Ниже приговора по тому же серому полю шло обращение к городищенцам, набранное несоразмерно большими буквами:
Вынужден предостеречь: подобное и впредь найдет в законе дозволенную, достаточную и неумолимую беспощадность, а в моих людях скорую и, как понятно, не всегда обставленную формальностями готовность смертью утверждать порядок.
Выделяю эти слова — смертью утверждать порядок.
Правление адмирала Колчака незыблемо!
Гудок.
Струя белейшего пара свечкой выпрыгнула над крышей депо, и тотчас же могучий железный голос накрыл оба городищенских поселка. Когда гудок смолк, казак выплюнул цигарку и прислушался, напряженно разглядывая тлеющий под ногами окурок.
Голоса. Шаги.
Ну, ну, шагай, деповщинка, думал казак. Тут тебе гостинец исделан. Только вот не закололо бы от него в боку.
Потянулся, как сытый кот на солнышке, привалился к обшиве, шашка легла на желтый лампас и — почти вслух:
— За-а-ко-лет!..
Из пролома в станционном заборе по мосточку и выше на взлобок к торжествующему казаку повалили рабочие. Сгрудились у приговора.
А снизу — еще один.

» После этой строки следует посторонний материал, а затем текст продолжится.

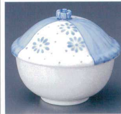
ツ95-52-2 染付松 姫蓋物 (φ10.5×9cm) ¥1,850 2221095052
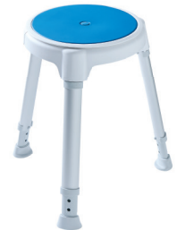
TAYO rund inkl. Drehteller und Pad
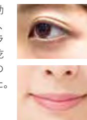
第三者機関が 効果を証明!

Yes 第三者機関による効能評価試験の結果、化粧品機能法ガイドライン評価に基づき、乾燥による小じわへの効果が確認されました。
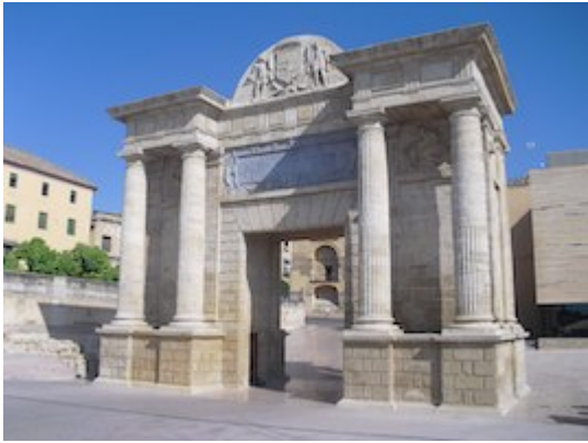
Puerta del Puente
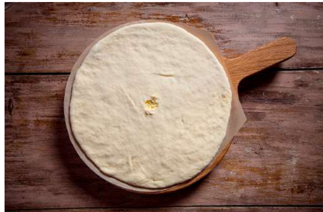
Хачапури по-имеретински 450г
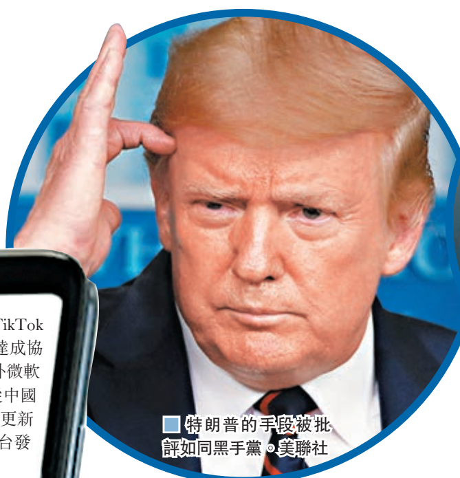
■ 特朗普的手段被批評如同黑手黨。

美國總統特朗普強迫中國字節跳動公司，將TikTok美國業務出售給微軟，周一更聲言華府應該在交易中「收佣」，言論惹來各界猛烈抨擊，批評特朗普的手段如同黑手黨，更可能違憲。華府官員明顯亦對分成一事甚有保留，白宮發言人前日兩度拒答相關問題，經濟顧問庫德洛更坦言，未確定如何從這交易中分成。
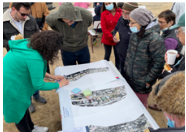
Actividades de participación en Valparaíso.
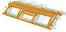
Çatı ve döşeme elemanı kavrayıcısı

Парнишка лет шестнадцати. Его красная рубаха отцвела, залиловела, набралась копоти и мазута. Пиджачок влез на горбушку, открыл красное — полспины, грудь, локти, а плоская кепочка, та и вовсе лепится на затылке для одного лишь занятия места. Минуя казака, блаженно прикрывшего веки, парнишка понимающе хмыкнул, сделал ладонями нечто парящее и на цыпочках поплыл к толпе.
— О! Повешенная бумага!
И громко через головы:
— Читай вслух, Иван!
— Вслух-то вслух. — Голос со стороны. — Да вон ведь... лампас-то. Громкое чтение, да еще на улице.